Сотник легко соскочил с рослого жеребца перед самыми хоромами Шах-Али. Его остановили касимовские татары, которые ревниво оберегали покой своего господина.
— Хан спит! Не велел пускать! — преградил дорогу есаул.
Сотник отстранил стражника и запальчиво молвил:
— Грамота у меня от государя Ивана Васильевича к касимовскому царю!
Шах-Али был не один. Здесь же находился и сеид. Встав коленями на коврики, они молились. «Бесовскую свою веру поминают», — подумал стрелец. А Кулшериф, не замечая гостя, шептал:
— Я прошу прощения у Аллаха! И я обращаюсь к нему с покаянием. Господин мой! Прости мне грехи, и да ниспошлет Аллах благословение на Мухаммеда и на все племя его!
Напевное звучание незнакомого языка проняло и стрельца. Он молчал, не решаясь нарушить таинство.
Когда наконец молитва была окончена, сотник дал знать о себе, тихо кашлянув. Шах-Али недовольно повернулся, весь его вид словно говорил: «Кто это такой царя в полуденный час надумал тревожить?!»
А сотник уже протягивал грамоту касимовскому правителю.
— От государя Ивана Васильевича, — упредил он гнев царя. — Гонца-то убили в дороге, вот оно кровью и запачкано.
Шах-Али взял скрученный свиток, посмотрел на цареву, о двух орлах, печать, после чего развязал бечевку. Он медленно вникал в текст. И чем дальше Шах-Али читал, тем больше светлели его глаза.
Сотник, потоптавшись у порога, решил покинуть хоромины, он сделал шаг к двери, но был остановлен окликом:
— Постой, сотник! Новость у меня есть. Я беру замуж красавицу Сююн-Бике с сыном ее, ханом Утямыш-Гиреем. На Казань еду. Ханом! Объяви стрельцам, пускай гуляют. Пусть пиво и брагу пьют за здоровье Сююн-Бике. Угощу и правоверных, пусть пьют молочную водку!
— Вот за это спасибо, царь! — радостно воскликнул сотник. — А то мы в дороге все глотки сухарями передрали! Смочить нечем!
А сеид между тем благодарил Аллаха, восторженно нашептывая все его сорок имен.
— Позвать ко мне тысяцкого! — окликнул царь стоявшего у дверей казака.
Скоро в покои царя ступил бородатый и хмурый мужик с широким разворотом плеч. «Ох и любит Иван Васильевич в тысяцкие да воеводы детин огромного роста ставить!»
— Звал, царь?
Шах-Али, глядя в голубые глаза тысяцкого, строго наказал:
— В Казань мы едем. Царем я казанским стану! Когда будем въезжать в город, самовольства не чинить! — Шах-Али сделал короткую паузу, после которой со значением продолжал: — В Казани много русских в полоне. От полона их не освобождать! Я государем послан, мне и решать! Сам я все придумаю, иначе не могу, слово я дал брату моему Ивану Васильевичу. Кто же ослушается моего приказа, наказывать буду строго, не считаясь с чином!

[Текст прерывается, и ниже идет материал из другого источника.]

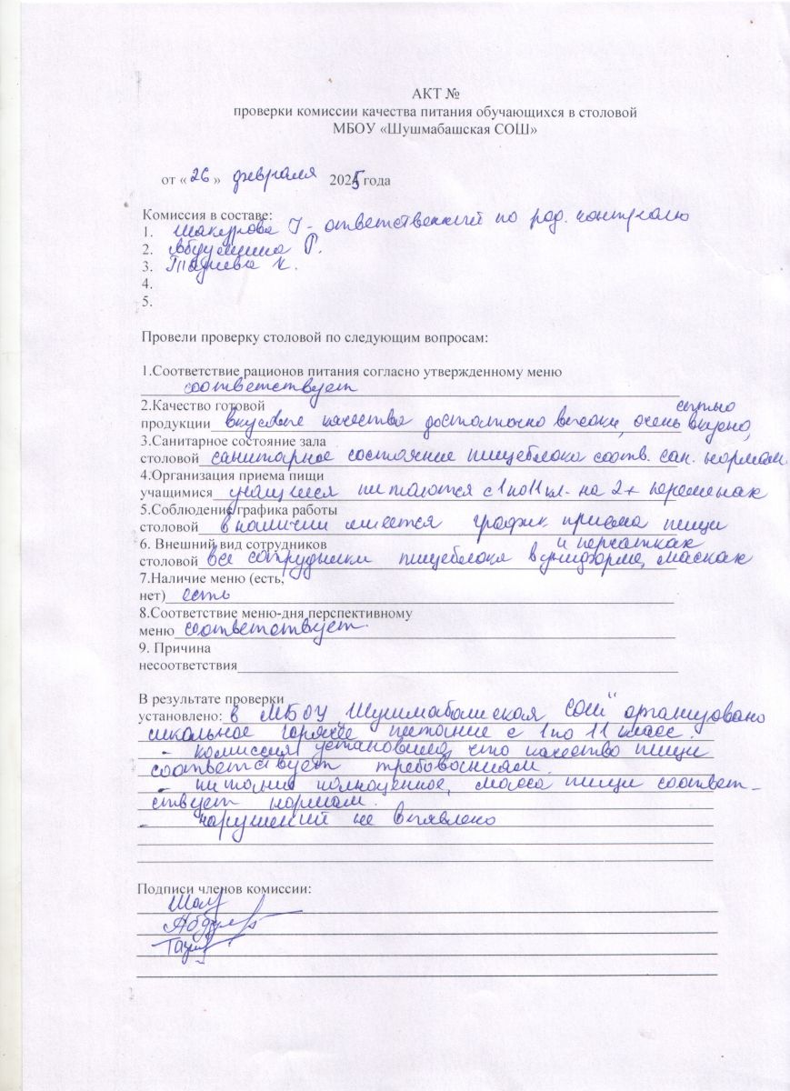 АКТ проверки комиссии питания обучающихся в столовой от 26.02.2025г.jpg
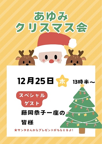 お知らせ クリスマス会🎄 お知らせ2025.12.26 今日はあゆみのクリスマス会🎄がありました。 藤岡恭子一座の皆様にお越し頂き、とても盛り上げてくださいました! 利用者様も喜ばれとても素敵な1日になりました🎅 « Previous 一覧へ Next »
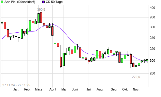 Mit dem Anstieg auf 301,50 EUR hat die AON-Aktie am 26.11.2025 die 50-Tage-Linie nach oben gekreuzt.
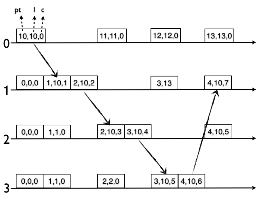 しかし HLC を単一の 64 ビットタイムスタンプとして表現するにはいくつかの課題がある。第一に、HLC アルゴリズムでは \(l\) と \(c\) を別々に維持し、物理クロックの経過時間による増加と、送信/受信/ローカルイベントによる因果関係の更新を区別する。第二に、\(pt\) を追跡することにより \(l\) のサイズはデフォルトで NTP タイムスタンプと同じ 64 ビットである。

Стрельцы и станичники гуляли три дня: пили брагу, белое вино и пиво. Молочной водкой упились и служилые татары. Только на стенах и башнях крепости стрельцы продолжали денно и нощно держать охрану. Караульную службу несли и в городе, дабы бесчинства предупредить и чтобы покойно кругом было.